**What is expected**
The listing below begins with the first line you should copy; stop after the line containing "Small through 2X", and drop every picture.

**Provided material**
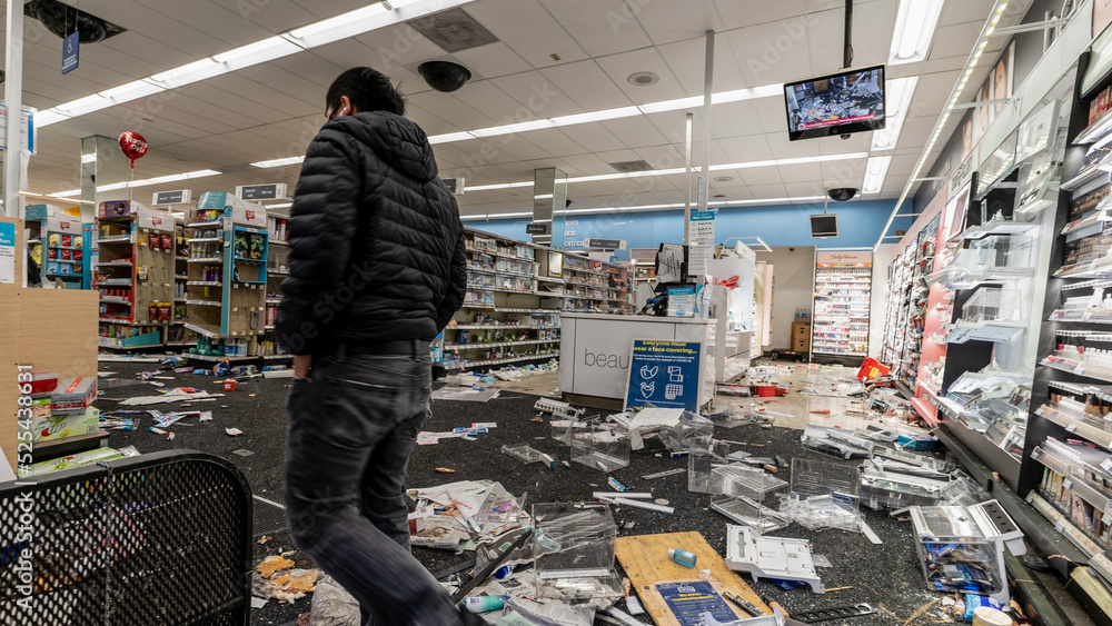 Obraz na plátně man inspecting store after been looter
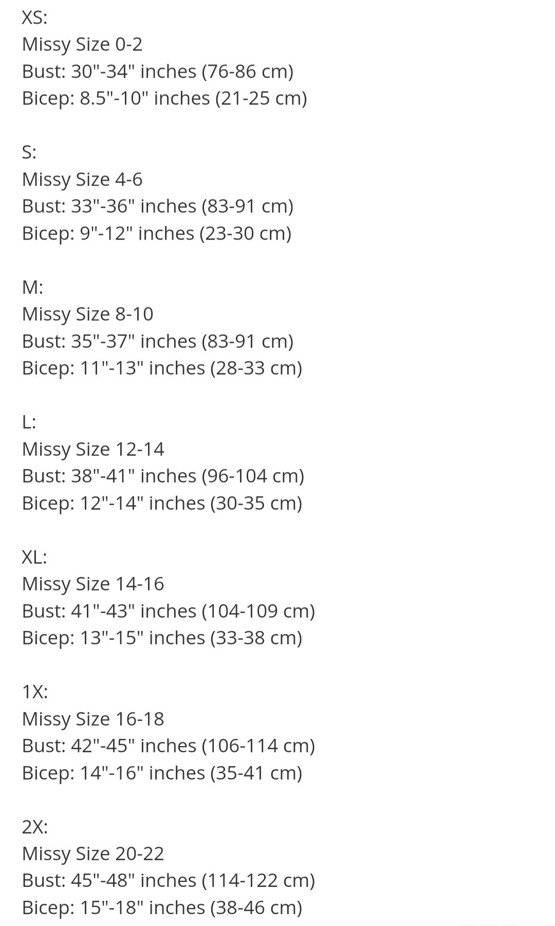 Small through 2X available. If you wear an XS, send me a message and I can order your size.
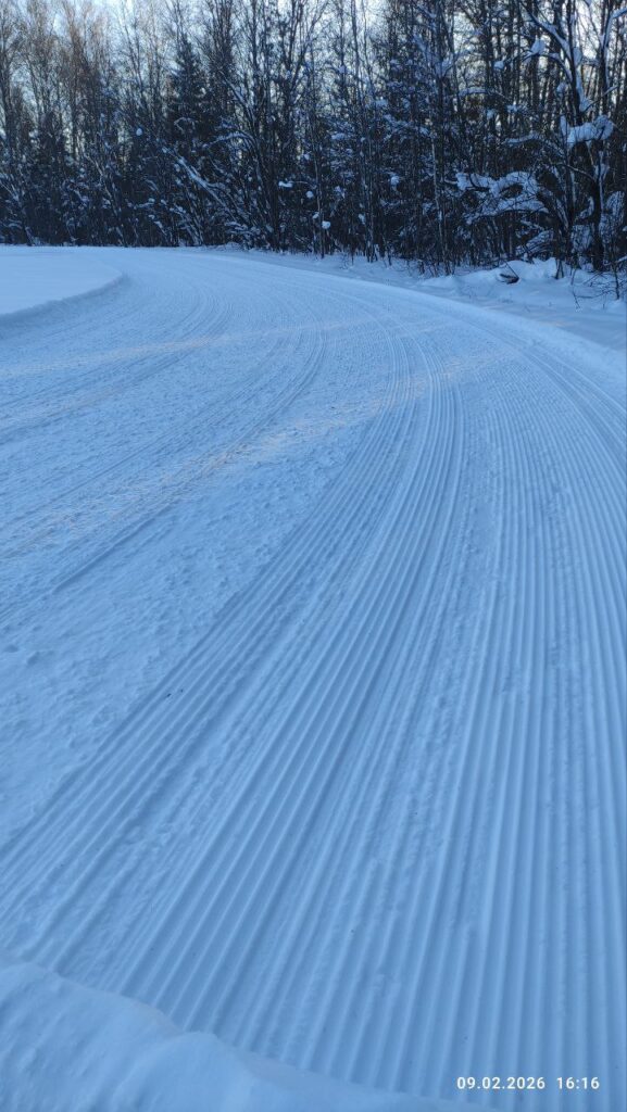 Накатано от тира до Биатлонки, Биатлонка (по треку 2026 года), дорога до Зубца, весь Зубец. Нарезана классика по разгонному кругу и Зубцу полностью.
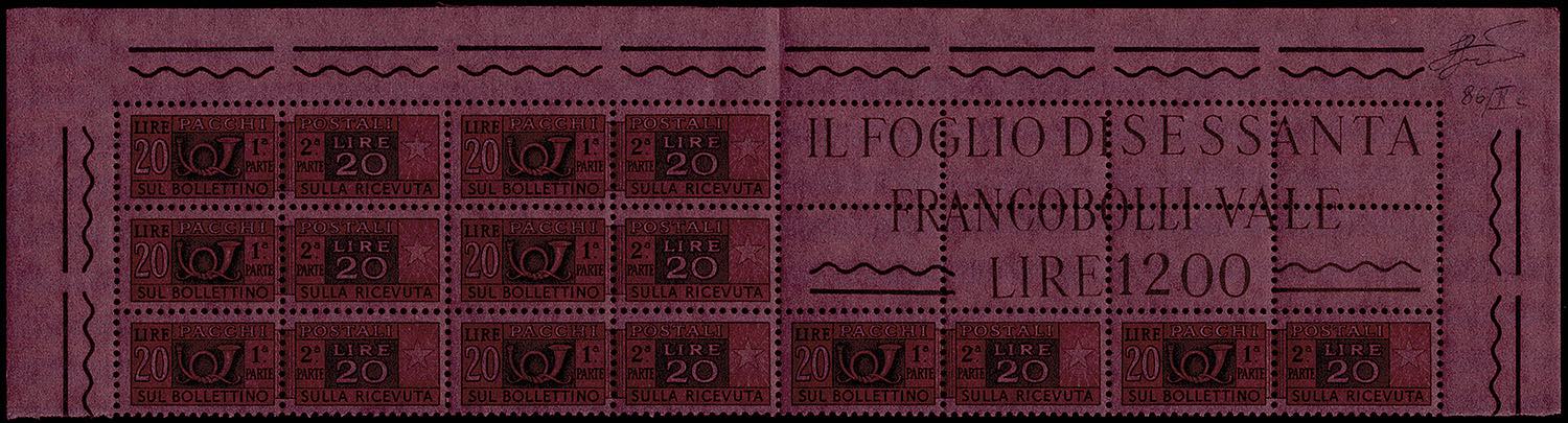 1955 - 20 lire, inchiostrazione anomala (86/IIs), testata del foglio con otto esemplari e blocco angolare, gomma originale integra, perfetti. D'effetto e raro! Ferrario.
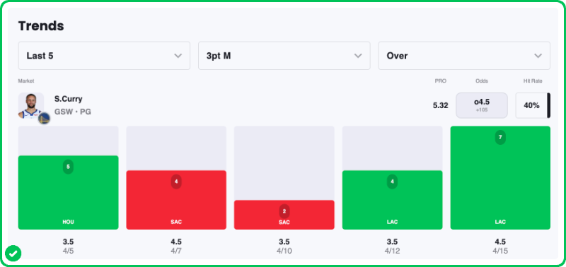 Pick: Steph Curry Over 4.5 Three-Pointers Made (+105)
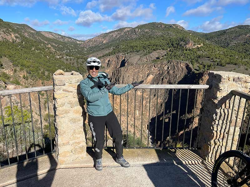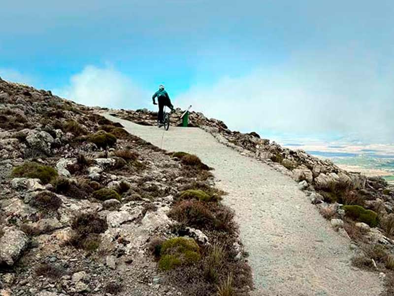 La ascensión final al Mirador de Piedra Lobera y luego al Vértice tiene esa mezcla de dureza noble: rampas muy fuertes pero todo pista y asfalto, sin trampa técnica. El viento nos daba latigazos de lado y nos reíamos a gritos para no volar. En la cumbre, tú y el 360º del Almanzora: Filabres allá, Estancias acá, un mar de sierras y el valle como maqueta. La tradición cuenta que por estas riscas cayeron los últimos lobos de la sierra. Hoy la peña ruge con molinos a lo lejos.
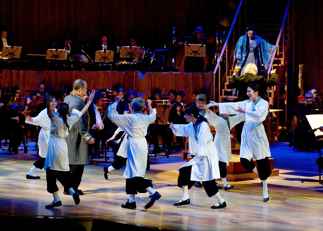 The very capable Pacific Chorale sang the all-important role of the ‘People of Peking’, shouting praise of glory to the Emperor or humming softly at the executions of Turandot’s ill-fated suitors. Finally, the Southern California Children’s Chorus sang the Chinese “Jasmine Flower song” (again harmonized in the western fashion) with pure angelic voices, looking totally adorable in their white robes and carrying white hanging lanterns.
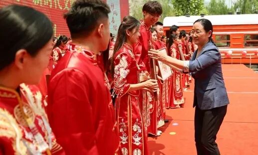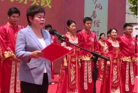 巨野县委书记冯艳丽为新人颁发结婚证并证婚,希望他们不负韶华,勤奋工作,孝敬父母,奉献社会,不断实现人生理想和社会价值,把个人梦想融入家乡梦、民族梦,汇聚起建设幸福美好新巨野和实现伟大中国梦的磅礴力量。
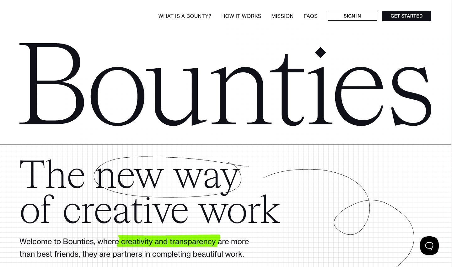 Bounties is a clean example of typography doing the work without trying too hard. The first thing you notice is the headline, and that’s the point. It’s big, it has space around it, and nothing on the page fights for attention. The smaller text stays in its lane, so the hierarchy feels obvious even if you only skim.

**Written response**
 Obraz na plátně man inspecting store after been looter
 Small through 2X available. If you wear an XS, send me a message and I can order your size.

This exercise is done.